DMV: Department of "Nice try, but no"

July 16, 2009 5:14 pm

Trip 1:

Me: I just moved to Livermore from Utah, I need to get a California Driver's License and register my car.
Them: Ok, fill out these forms and take a number.
....
Me: [hands over forms when number is called]
Them: That's $28 for the license and $242 for the registration.
Me: [Grumble, since I just paid $200+ to renew my registration in Utah 3 months ago...]
Them: You'll need to take the written test, but you can't do that now because we don't hand them out after 4:30, and you need to get a smog test done.
Me: [sigh] Ok.
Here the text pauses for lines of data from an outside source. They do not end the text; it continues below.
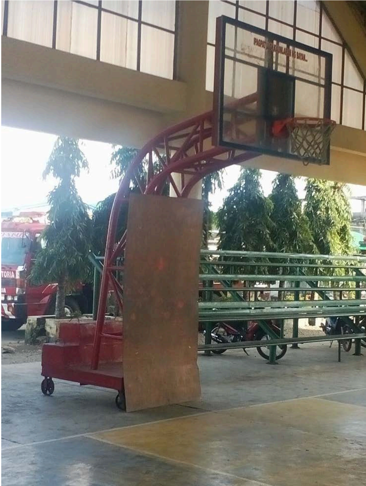
PICTURE OF BASKETBALL GOAL

Main Campus Bongabong Campus Calapan City Campus Alcate, Victoria Labasan, Bongabong Masipit, Calapan City e-mail address: minscat_main@yahoo.com Mobile No. +639178156228 T/Fax No. (043) 2862368
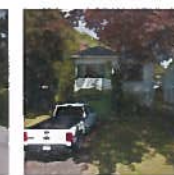
3937 Lasalle St.
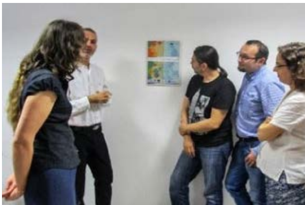
Presentation of LIGHTHOUSE project to stakeholders and partners of other EU projects by IASIS in Greece.
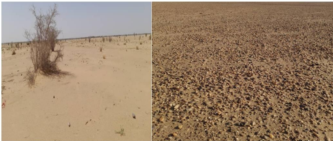
Figure 1: Absence of vegetation cover (left) and presence of armoured layer (right), illustrating the ongoing erosive processes in Al Damar

Soil is a fundamental and irreplaceable natural resource, supporting the survival and socio-economic well-being of the inhabitants of Al Damar in the River Nile State (RNS) of Sudan. The support is mainly achieved through small-scale agricultural activities, which are majorly confined on the banks of the Nile River. The increasing frequency of climatic extremes, particularly droughts, high-velocity wind storms, erratic rainfall, and floods has exposed the soils of the northern parts of Sudan to erosion by both wind and water (Figure 1). Anthropogenic factors, such as inappropriate land use practices and over-exploitation of the natural resource base have also accelerated the rates of soil erosion. The widespread land degradation in the form of soil erosion underpins the low agricultural productivity and per capita income levels in the area. The erosive processes could also increase the vulnerability of communities in Al Damar to future climatic and economic shocks, culminating in human destitution, abandoned unproductive lands, conflicts and migration.
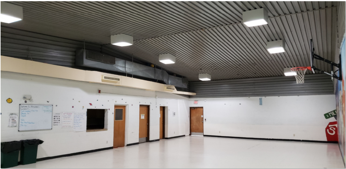
Interior – Sub-basement Gymnasium
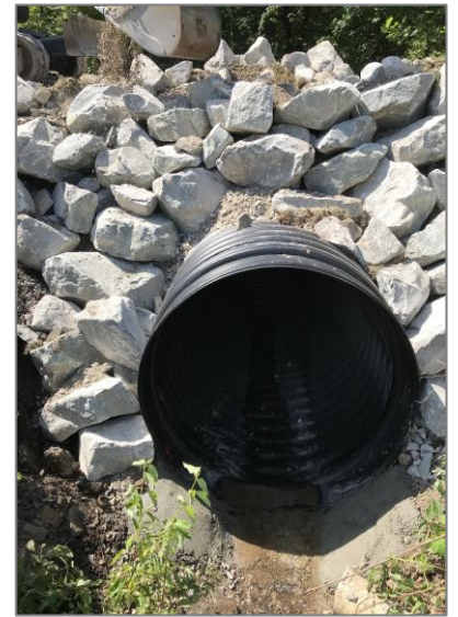
Trail damage photos from TribLive Westmoreland news report; photos of Westmoreland Road Crew taken by Malcolm Sias
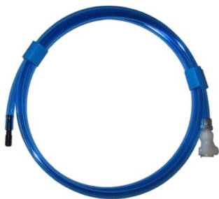
Deck Purge Box Hose (Blue) DPB-110 for EdgeTech releases
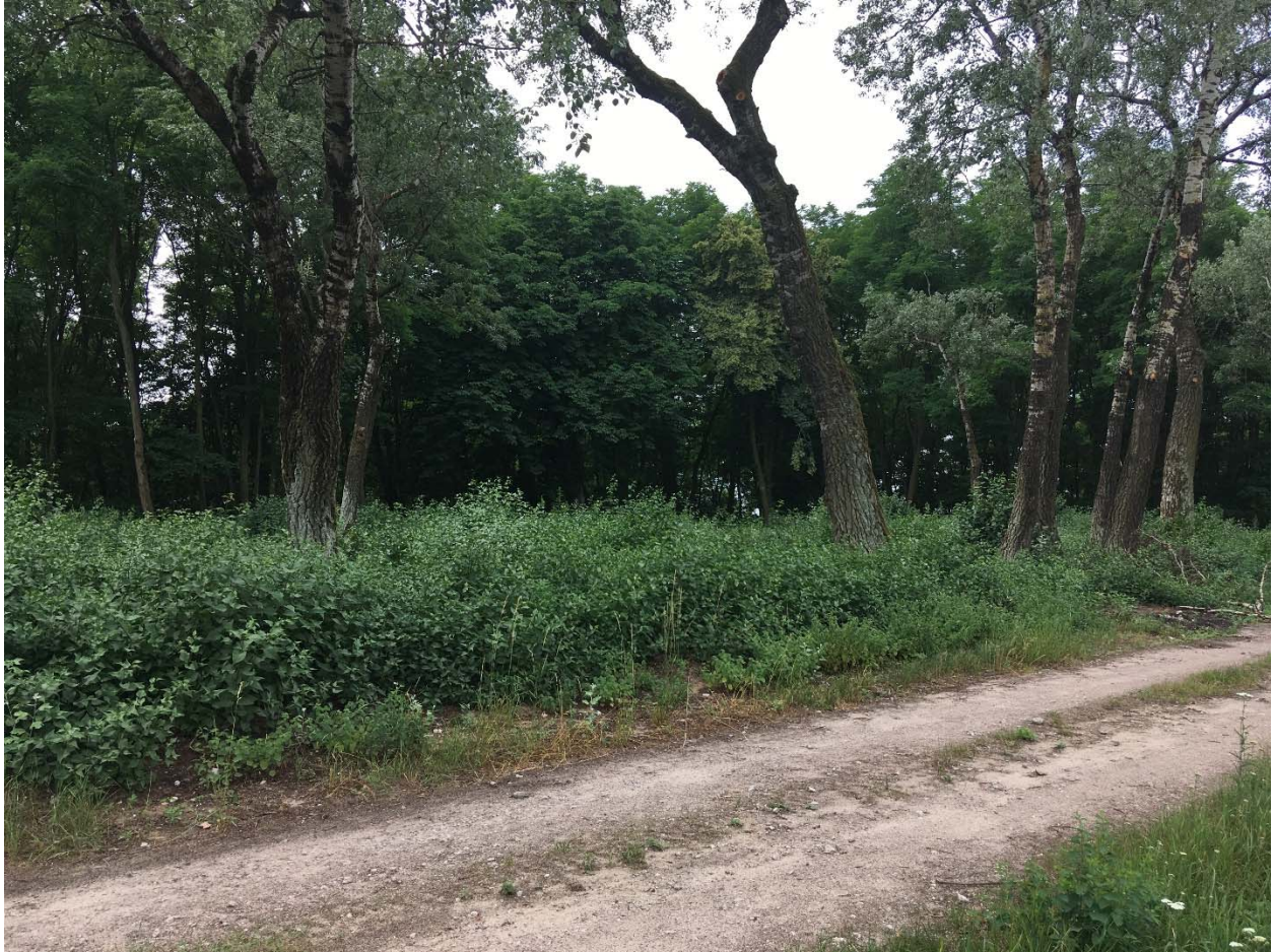
View of the cemetery looking to the southwest with the main village road in the foreground. The ground of the cemetery is covered in small lilac bushes and Michal Targowsky says the cemetery is maintained by folks from the Mennonite cottage in nearby Chrystkowo.
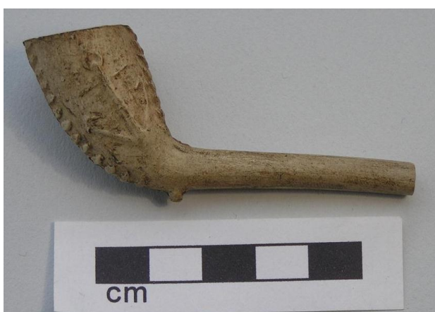
Photo 6. Pipe probably advertising a pub called The Anchor.

By 1750 pipes with masonic arms, public house symbols and military regimental badges were all being made, examples are shown in Photos 6 and 7 below.
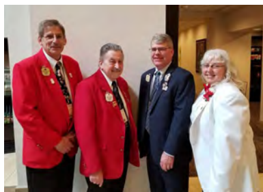
The District Governors of the Ohio Lions MD13
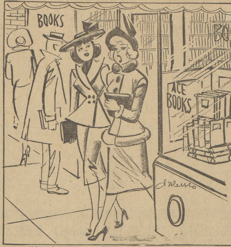
"Goodness, they sell nothing but books in there. How DO they make a living?"

Do I get the smog test done here or somewhere else?
Them: You do that here, just come back sometime before 4:30.

Trip 2:

Me: I need to take a written test and do a smog test.
Them: Written Test go to window 14, you get the smog test done at a testing facility.
Me: So, not here, like I was told last time.
Them: No, not here.

Trip 3:

Me: I have my smog test certificate (another $78.50!) and I need to finish registering my car. [hands over stuff]
Them: You need another signature on this form.
Me: Why?
Them: Because Debora is on the previous registration, so she needs to sign the form as well.
Me: Why didn't someone mention this the last 2 times I was here trying to do this?
Them: They must have overlooked it.

GAH! I've now paid almost $350 and still have nothing. Ok... not quite nothing, I did get the license part done, but I don't actually _have_ a license, I won't get that for another 4 to 6 weeks.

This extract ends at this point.